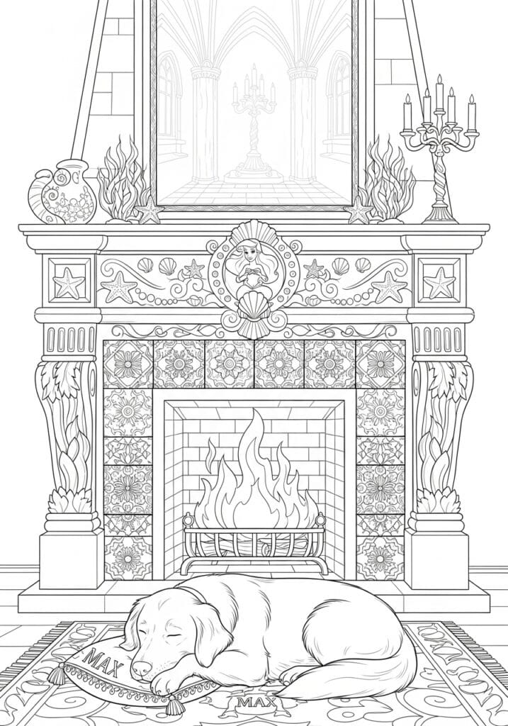 This page might just be the coziest thing I have ever seen turned into a coloring page, and that is saying a lot. The centerpiece is a stunning ornate fireplace absolutely loaded with Little Mermaid details, including scallop shells, starfish, seaweed motifs, and a gorgeous cameo of Ariel herself right in the middle of the mantel. The decorative tiles surrounding the firebox are filled with intricate floral and geometric patterns that are just chef’s kiss for anyone who loves detailed coloring. On the mantel sit a pretty shell vase and an elegant candelabra, and above it hangs a large mirror reflecting what looks like a grand candlelit hall. And curled up on a little personalized pillow right in front of the warm glowing fire is Max, Ariel’s adorable sleepy dog, which honestly makes the whole scene feel like pure magic.
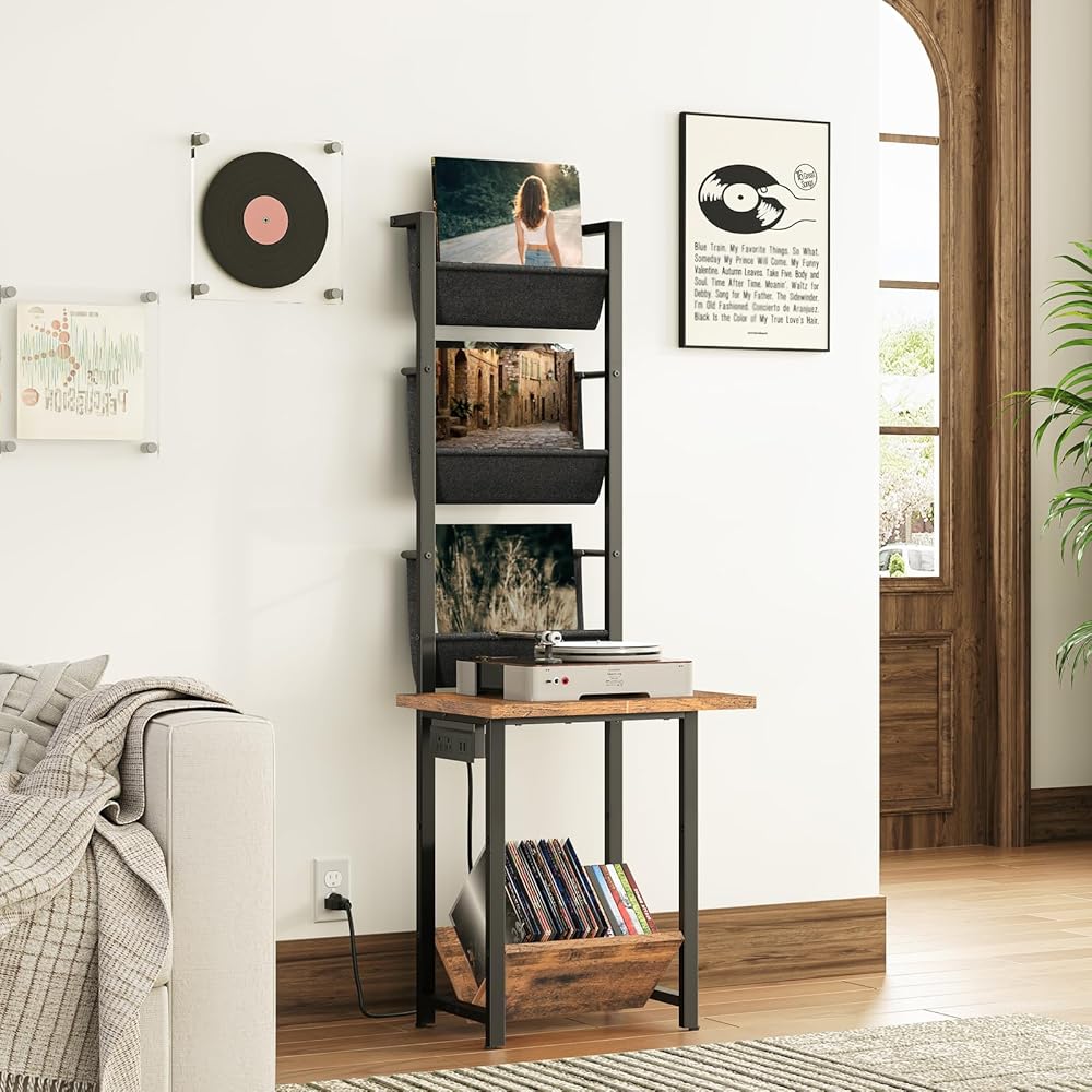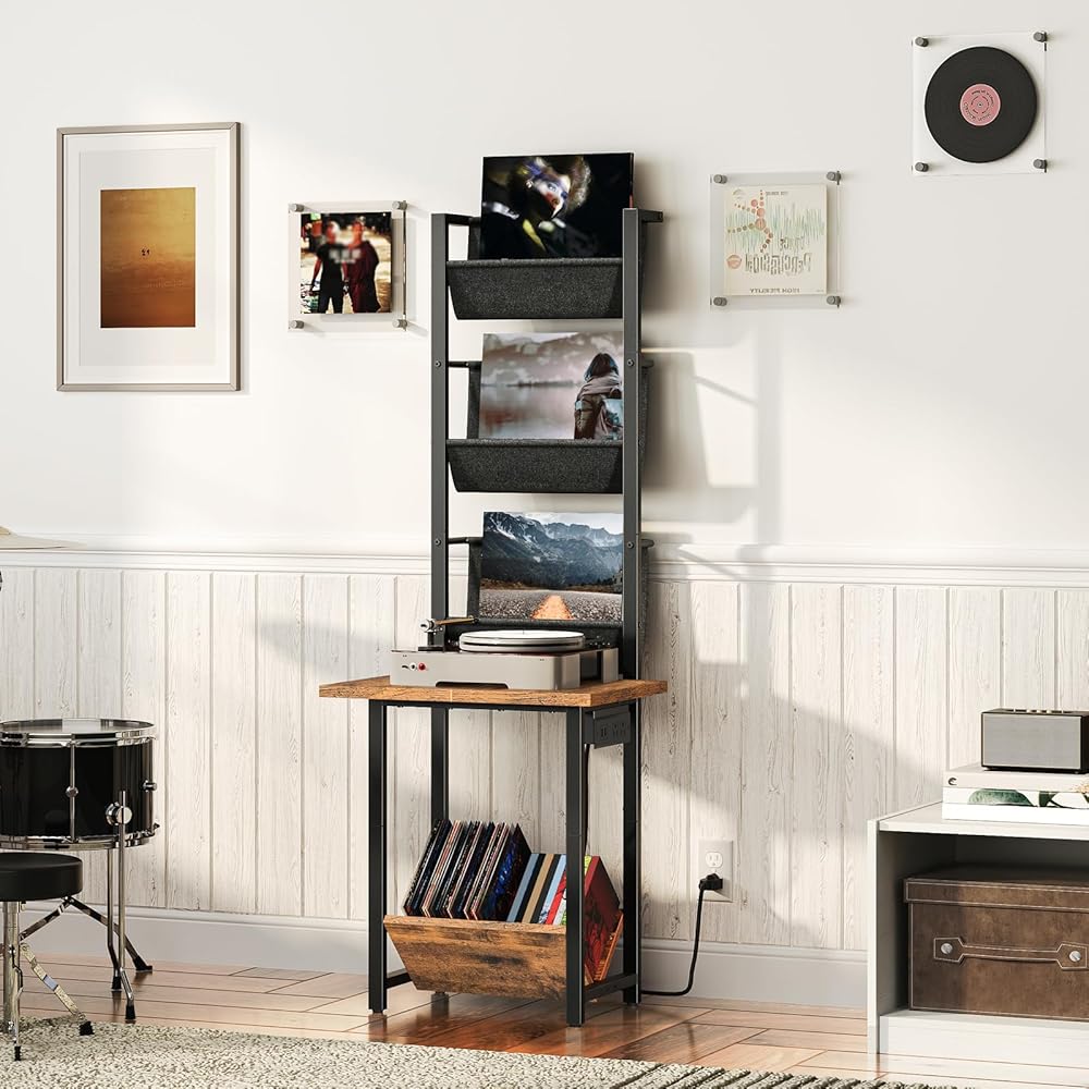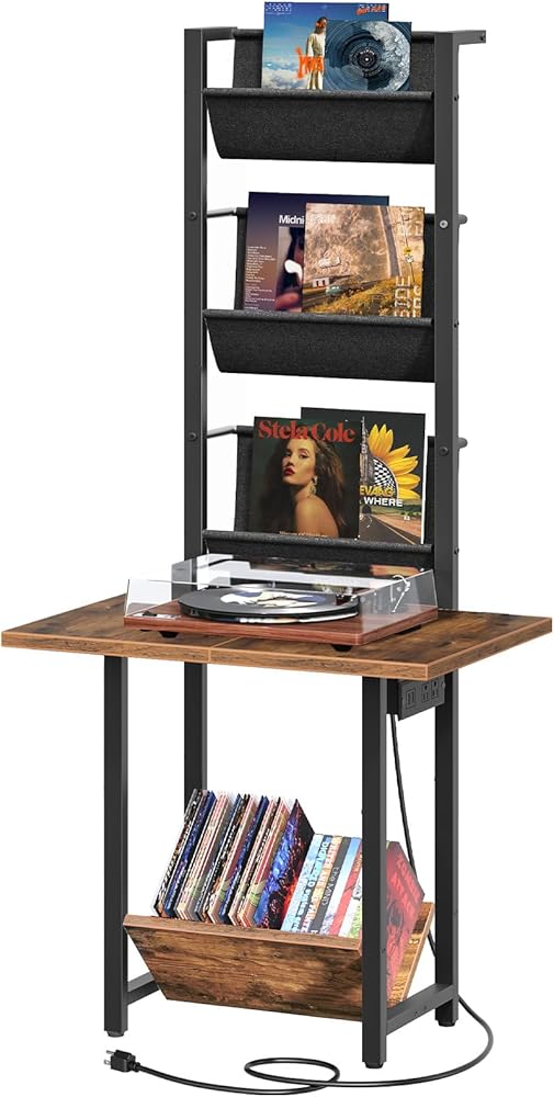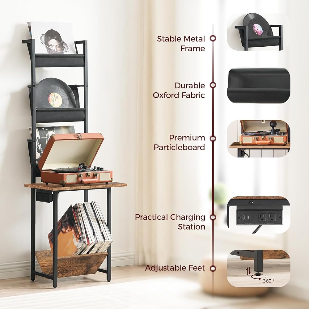 حامل مشغل تسجيلات مع مخرج طاقة، حامل قرص دوار مع وحدة تخزين من الفينيل، طاولة مشغل تسجيلات فينيل تصل إلى 200 ألبوم، رف حامل تسجيلات من الفينيل، منظم مشغل تسجيلات ETHR106E01
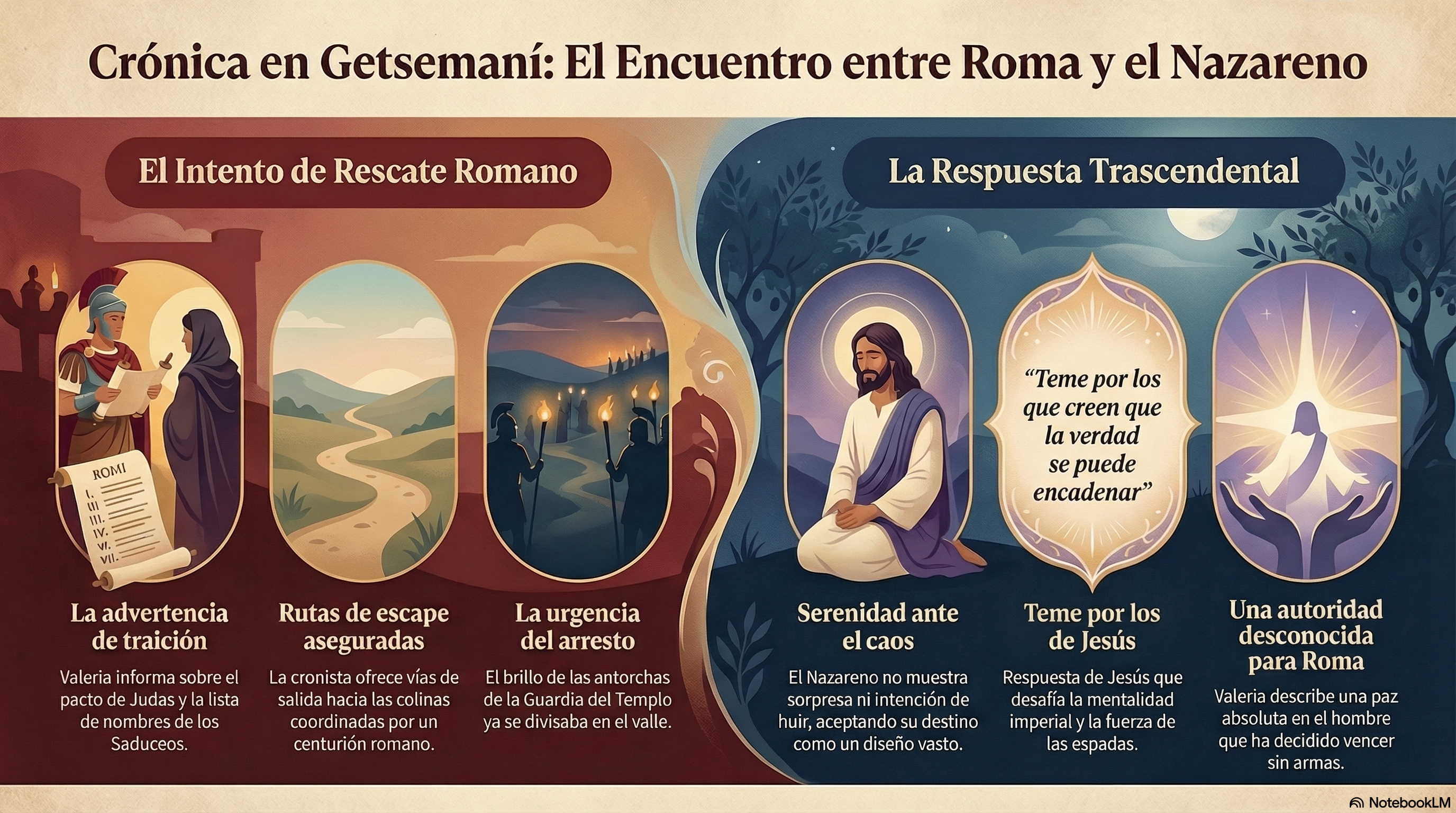 - El Dilema de Valeria: Nuestra cronista se encuentra ante un hombre que se niega a ser salvado. Valeria le ha ofrecido las rutas de escape que el Centurión ha asegurado, pero el Nazareno parece esperar el beso de la traición como quien espera la aurora.

▶ **WHAT THE EXERCISE ASKS**
Leave out the pictures and print every line of the data exactly.

▶ **YOUR SOLUTION**
 This page might just be the coziest thing I have ever seen turned into a coloring page, and that is saying a lot. The centerpiece is a stunning ornate fireplace absolutely loaded with Little Mermaid details, including scallop shells, starfish, seaweed motifs, and a gorgeous cameo of Ariel herself right in the middle of the mantel. The decorative tiles surrounding the firebox are filled with intricate floral and geometric patterns that are just chef’s kiss for anyone who loves detailed coloring. On the mantel sit a pretty shell vase and an elegant candelabra, and above it hangs a large mirror reflecting what looks like a grand candlelit hall. And curled up on a little personalized pillow right in front of the warm glowing fire is Max, Ariel’s adorable sleepy dog, which honestly makes the whole scene feel like pure magic.
 حامل مشغل تسجيلات مع مخرج طاقة، حامل قرص دوار مع وحدة تخزين من الفينيل، طاولة مشغل تسجيلات فينيل تصل إلى 200 ألبوم، رف حامل تسجيلات من الفينيل، منظم مشغل تسجيلات ETHR106E01
 - El Dilema de Valeria: Nuestra cronista se encuentra ante un hombre que se niega a ser salvado. Valeria le ha ofrecido las rutas de escape que el Centurión ha asegurado, pero el Nazareno parece esperar el beso de la traición como quien espera la aurora.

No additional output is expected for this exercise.